Um homem levanta a mão na platéia. Vem andando de encontro a nós. Ameaço descer do palco. Rindo, nervosa.
- Não. Você não entendeu. Eu só vim pedir a música... Eu não vou beijar ninguém. Espera, nem mulher é! 
Ele riu, chegou perto, fora do microfone.
- Vocês vão ganhar uma cerveja, veja pelo lado positivo.
- Não vou beijá-lo, cara. Desiste.
- Tá. E na bochecha? 
- Vai me pagar a cerveja?
- Vou.
- Então está bem.
Abracei o tal rapaz Rômulo que até não era de se jogar fora. Me beijou na bochecha rubra de timidez temporária, pensava em outra garrafa de Heineken gelada já que a minha acabou e o dinheiro havia terminado antes dela. Desci com o bendito Rômulo atrás, tagarelando qualquer palavra junto a minha ignorância. 
- Desculpa.
- Oi? Desculpa o que?
- Você ouviu algo que eu falei? 
- Sinceramente não, mas está desculpado, Rômulo, né?
Não esperei uma resposta, apenas voltei ao ponto de antes, com as companhias de antes, perguntando aonde se enfiou a minha cerveja já que o vocalista havia voltado a imitar o Eddie Vedder.
Duas músicas depois, ele aponta para mim.
- Agora eu vou cantar The Fixer, a pedidos da namorada do Rômulo, a Lívia.
Um fanático gritou ao meu lado junto comigo. Não o conhecia, mas cantamos aos berros cada frase da letra. No meu inglês mais dignamente precário possível. 
Foram 30 músicas, o show foi ótimo, a banda maravilhosa e o guitarrista dispensou qualquer comentário ou adjetivo qualitativo. 
Na fim da última música, antes mesmo do agradecimento, as pessoas já estavam indo embora. Quase 3 e meia da manhã, encostei no balcão, bebi minha tequila, depois uma vodca, queria mesmo a cerveja, mas como não estava pagando, consentia com o que me davam. 
- Aquele dali é o vocalista, né?
Alguém diz do meu lado, ele estava saindo do banheiro, algumas últimas pessoas pagavam a conta do bar enquanto os funcionários já retiravam as mesas.
- Oi...
- Oi!
- Você me deve uma cerveja.
Ele se vira para o balcão, já nitidamente alcoolizado. 
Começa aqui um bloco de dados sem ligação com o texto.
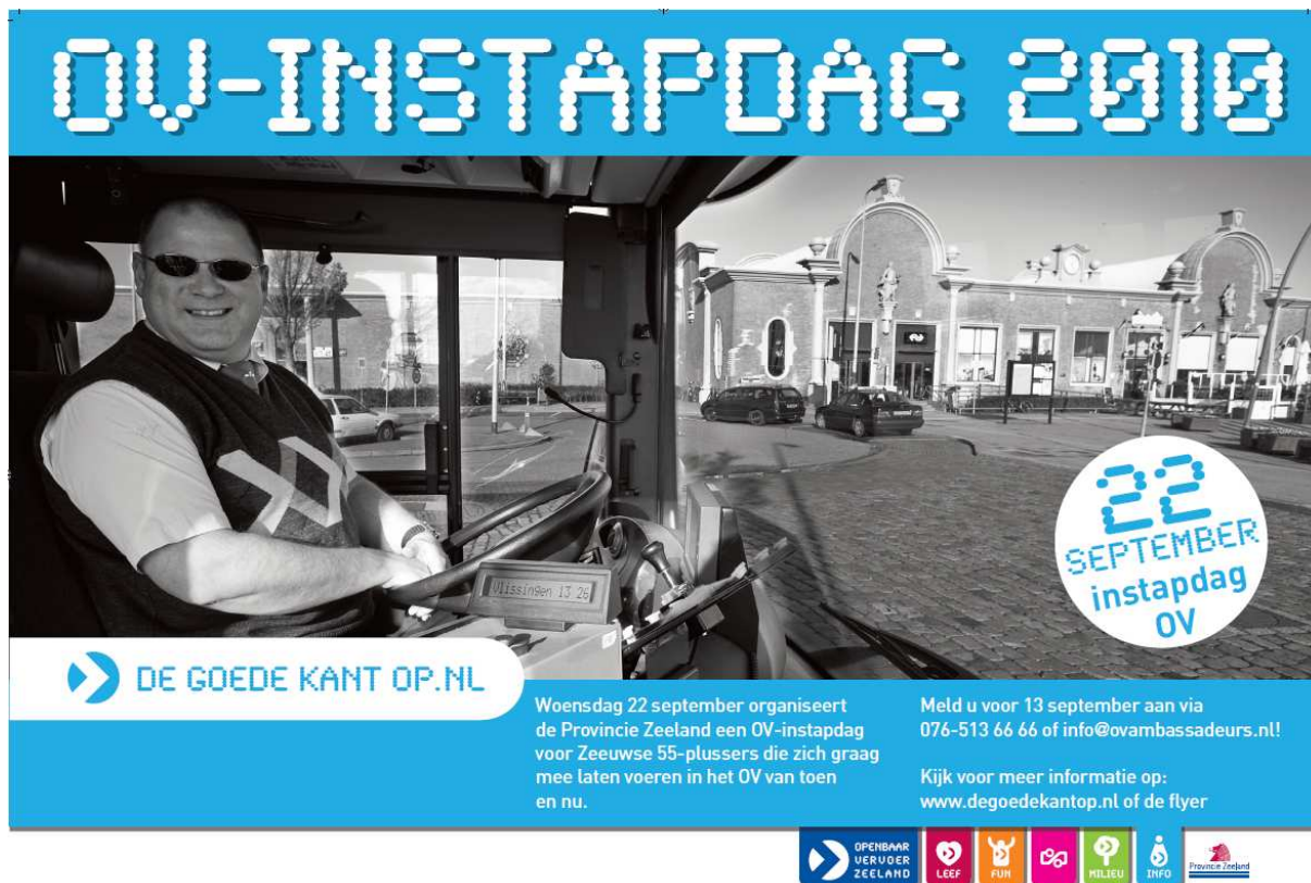
Figuur 1: Programma OV-instapdag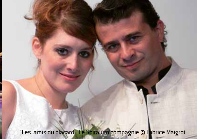
"Les amis du placard" Le Spiralum compagnie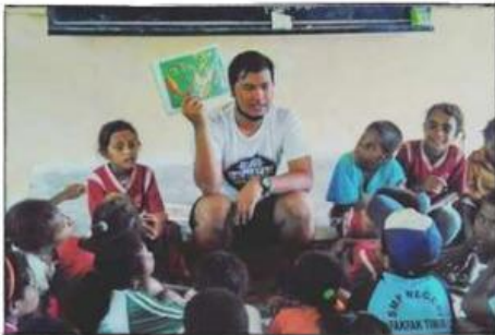
Gambar 1: Mengajar tanpa membeda-bedakan

Mengandung makna bahwa kemanusiaan haruslah diutamakan dalam aktivitas keseharian masyarakat Indonesia. Terlebih lagi negeri ini berdiri di atas berbagai macam perbedaan, seperti yang tersurat dalam semboyan negara Indonesia, “Bhinneka Tunggal Ika”. Nilai kemanusiaan menjamin kita untuk memperlakukan sesama manusia dengan adil tanpa membedakan suku, ras, golongan, dan agama. Perbedaan ini harus selalu didukung dengan sikap kemanusiaan yang penuh dengan kasih sayang dan moral.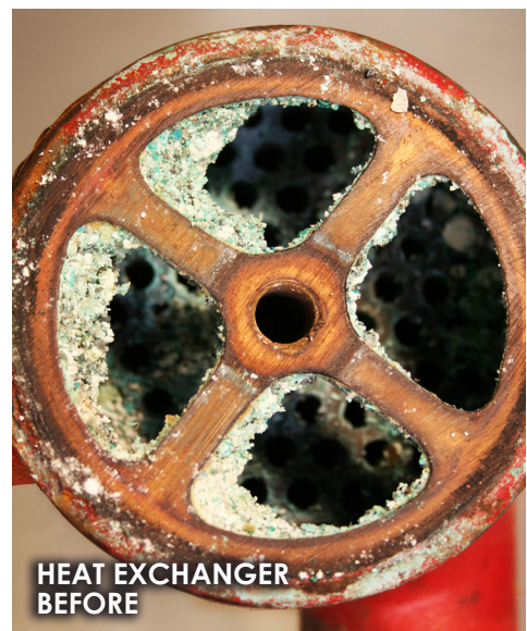
HEAT EXCHANGER BEFORE

Bruk RYDLYME Marine på fritidsbåter, for eksem- pel cabin cruisere, hurtigbåter, yachter, seilbåter, vannscootere og mer!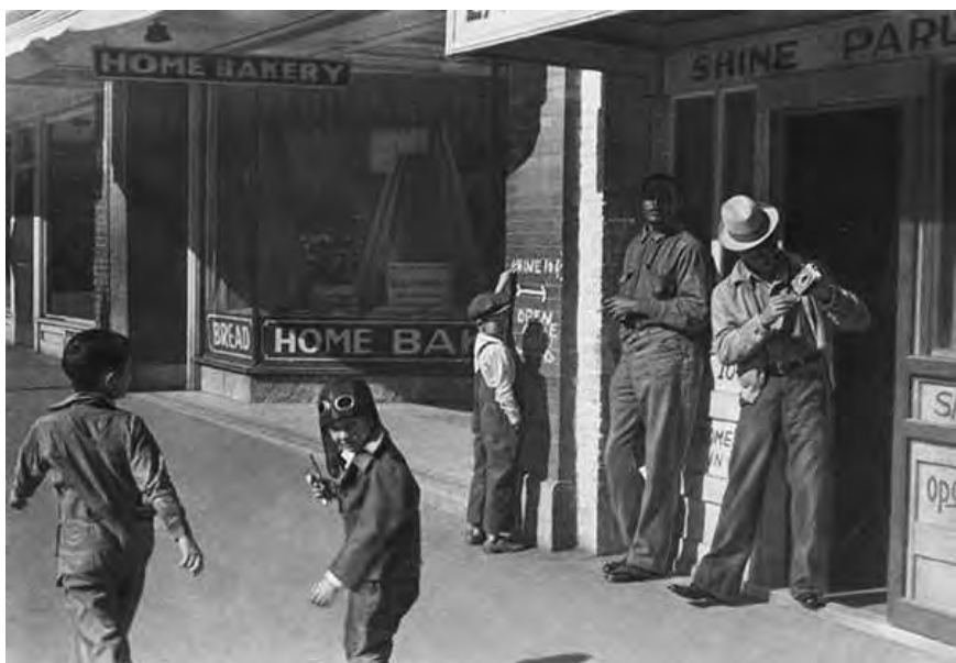
В маленьком городке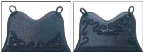
1 飛翔ゴバン(濃紺) 2 東京S雲ゴバン(濃紺)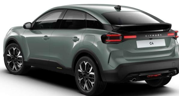
Volumen del maletero: 380 litros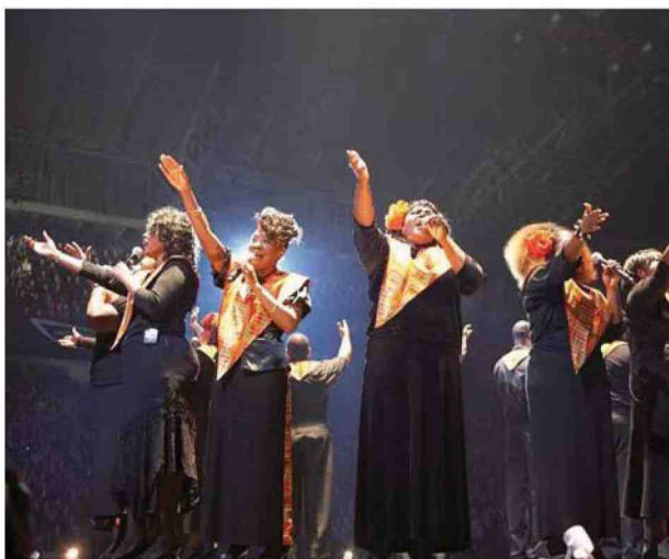
Harlem Gospel Choir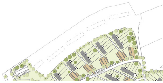
Planausschnitt Szenario 4c (2016)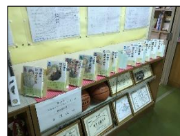
校長室前に並べられた伝記と童話

秋は、スポーツの秋・芸術の秋・収穫の秋、そして「読書の秋」と言われています。本校では、9月27日から「読書旬間」がスタートしており、子供達にはこの2週間の様々な取組(校長室の前では「10冊の魅力」ある本を紹介しています。※写真参照)を通して、これまで以上に読書に親しみ、頭の中でいろいろと感じたり、想像したりする等の「考える力」を身につけて欲しいと思います。さらに、読書は正しい日本語、美しい日本語という点でも、とても素晴らしい言葉や文章を学ぶことができます。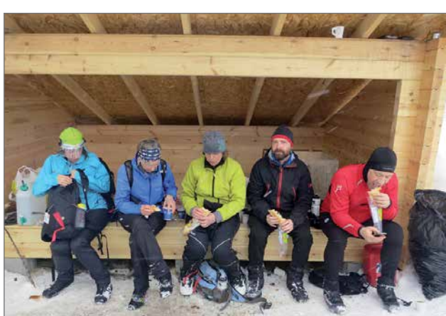
Uudella Ylimmäisen Pirinlammen laavulla ruokatauolla.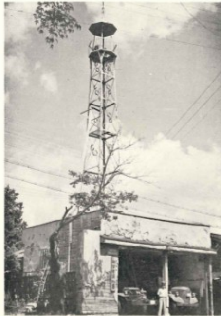
消 防 署

- Desce duas Buds, por favor!
Eu não sei bem como a conversa fluiu a partir daí, nem em que horário fomos expulsos ou eu descobri que na verdade, o vocalista de uma banda digna de cover para o Pearl Jam, na verdade era um professor de odontologia. 
O Rômulo aparece, brincando com o vocalista. 
- Vocês são primos?
- Somos. Como você sabe?
Eles não pareciam em nada, mas também tenho primos, e as brincadeiras, comentários, sacanagem, são os mesmos clichês de sempre.
- Chutei. 
O Rômulo se vira para falar só comigo.
- Agora você está me ouvindo, né? Desculpa pelo que ele fez... Ele só queria me sacanear por saber que você nunca ficaria comigo.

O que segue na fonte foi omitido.